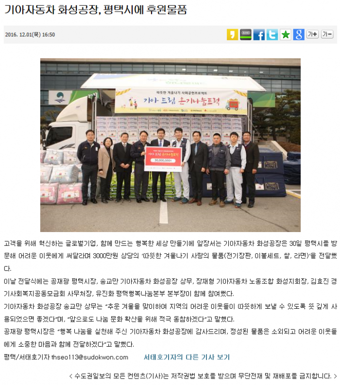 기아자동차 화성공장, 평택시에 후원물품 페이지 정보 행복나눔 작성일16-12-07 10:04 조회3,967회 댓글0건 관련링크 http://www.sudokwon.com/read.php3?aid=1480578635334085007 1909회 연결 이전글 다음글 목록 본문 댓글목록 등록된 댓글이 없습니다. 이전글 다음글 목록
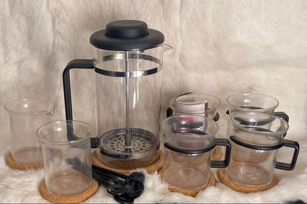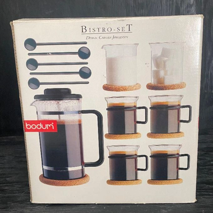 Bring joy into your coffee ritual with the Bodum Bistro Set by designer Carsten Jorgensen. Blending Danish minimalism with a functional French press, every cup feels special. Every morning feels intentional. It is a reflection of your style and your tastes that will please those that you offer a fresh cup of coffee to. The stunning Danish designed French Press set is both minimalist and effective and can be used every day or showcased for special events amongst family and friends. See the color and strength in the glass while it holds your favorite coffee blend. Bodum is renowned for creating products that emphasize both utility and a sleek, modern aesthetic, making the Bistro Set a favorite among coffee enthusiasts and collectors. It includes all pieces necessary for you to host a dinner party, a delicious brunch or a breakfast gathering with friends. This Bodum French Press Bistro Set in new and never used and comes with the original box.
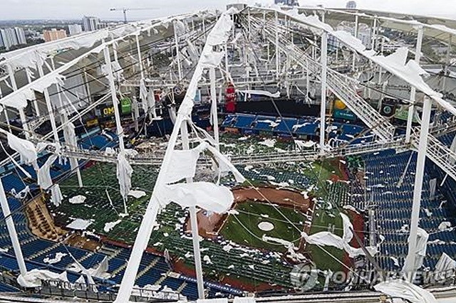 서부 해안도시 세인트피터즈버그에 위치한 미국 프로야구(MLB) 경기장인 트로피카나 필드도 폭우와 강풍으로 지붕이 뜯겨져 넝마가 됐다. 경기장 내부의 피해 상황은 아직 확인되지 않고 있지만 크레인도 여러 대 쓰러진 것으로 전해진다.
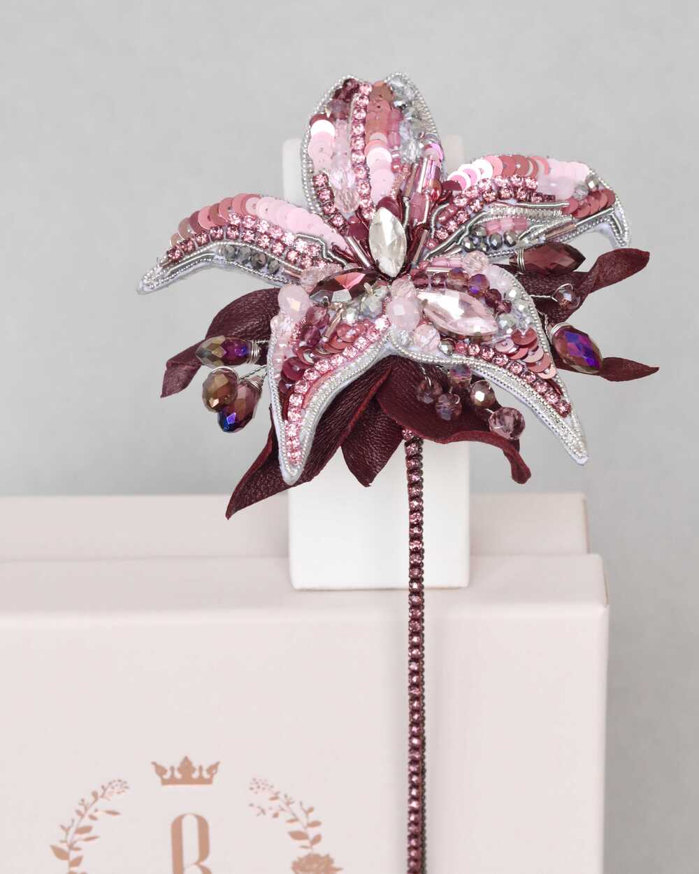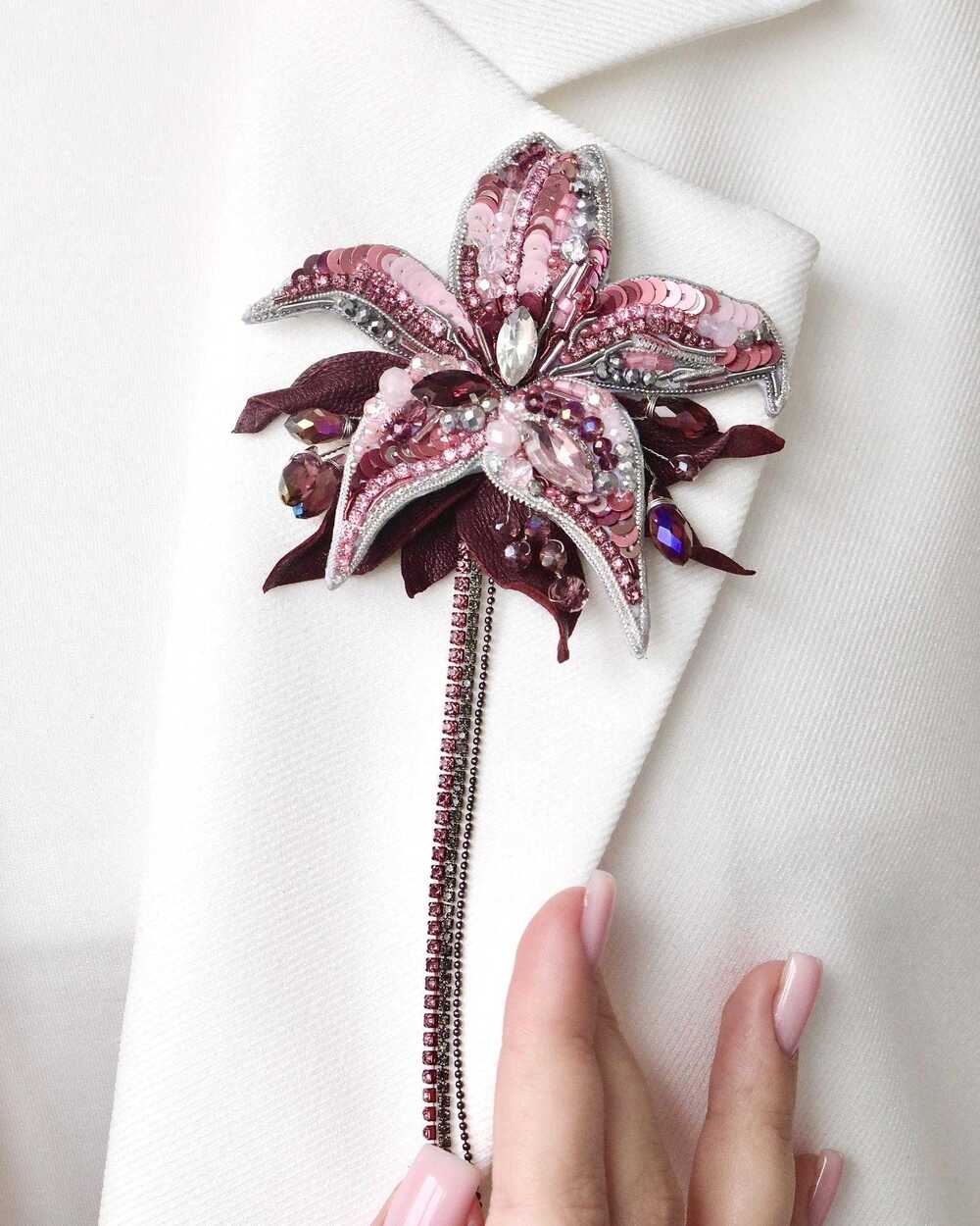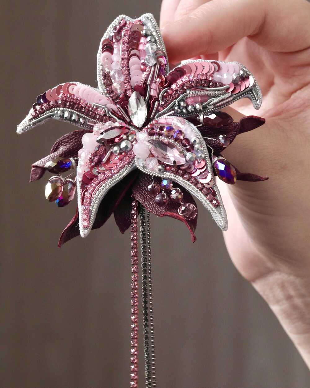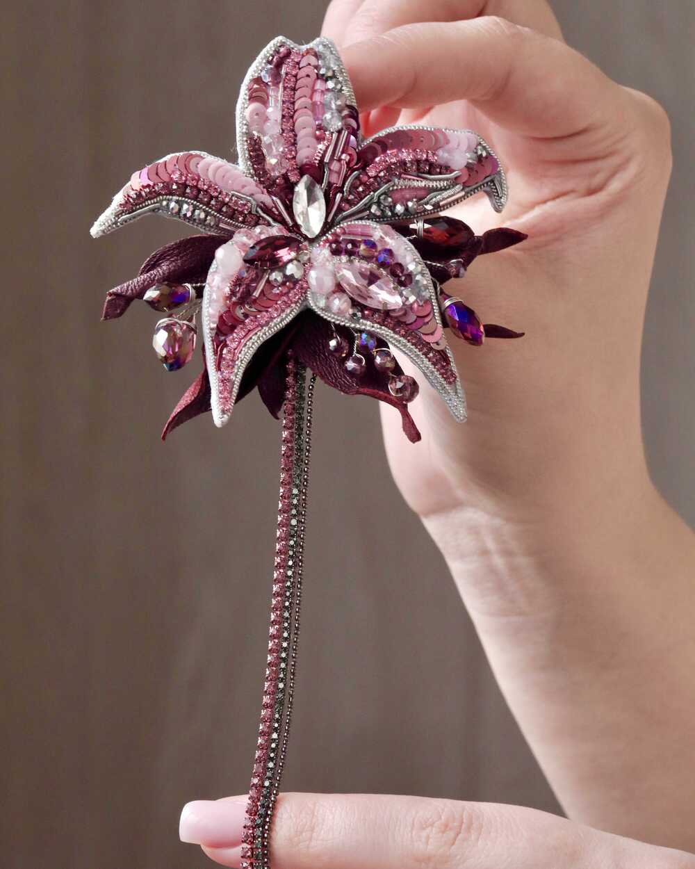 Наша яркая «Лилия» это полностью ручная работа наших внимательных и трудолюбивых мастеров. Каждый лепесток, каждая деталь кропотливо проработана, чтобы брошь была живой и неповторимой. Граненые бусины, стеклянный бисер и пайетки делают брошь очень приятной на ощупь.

### EXERCISE DESCRIPTION
Each line above should be set down exactly as written, with pictures excluded.

### YOUR SOLUTION
 기아자동차 화성공장, 평택시에 후원물품 페이지 정보 행복나눔 작성일16-12-07 10:04 조회3,967회 댓글0건 관련링크 http://www.sudokwon.com/read.php3?aid=1480578635334085007 1909회 연결 이전글 다음글 목록 본문 댓글목록 등록된 댓글이 없습니다. 이전글 다음글 목록
 Bring joy into your coffee ritual with the Bodum Bistro Set by designer Carsten Jorgensen. Blending Danish minimalism with a functional French press, every cup feels special. Every morning feels intentional. It is a reflection of your style and your tastes that will please those that you offer a fresh cup of coffee to. The stunning Danish designed French Press set is both minimalist and effective and can be used every day or showcased for special events amongst family and friends. See the color and strength in the glass while it holds your favorite coffee blend. Bodum is renowned for creating products that emphasize both utility and a sleek, modern aesthetic, making the Bistro Set a favorite among coffee enthusiasts and collectors. It includes all pieces necessary for you to host a dinner party, a delicious brunch or a breakfast gathering with friends. This Bodum French Press Bistro Set in new and never used and comes with the original box.
 서부 해안도시 세인트피터즈버그에 위치한 미국 프로야구(MLB) 경기장인 트로피카나 필드도 폭우와 강풍으로 지붕이 뜯겨져 넝마가 됐다. 경기장 내부의 피해 상황은 아직 확인되지 않고 있지만 크레인도 여러 대 쓰러진 것으로 전해진다.
 Наша яркая «Лилия» это полностью ручная работа наших внимательных и трудолюбивых мастеров. Каждый лепесток, каждая деталь кропотливо проработана, чтобы брошь была живой и неповторимой. Граненые бусины, стеклянный бисер и пайетки делают брошь очень приятной на ощупь.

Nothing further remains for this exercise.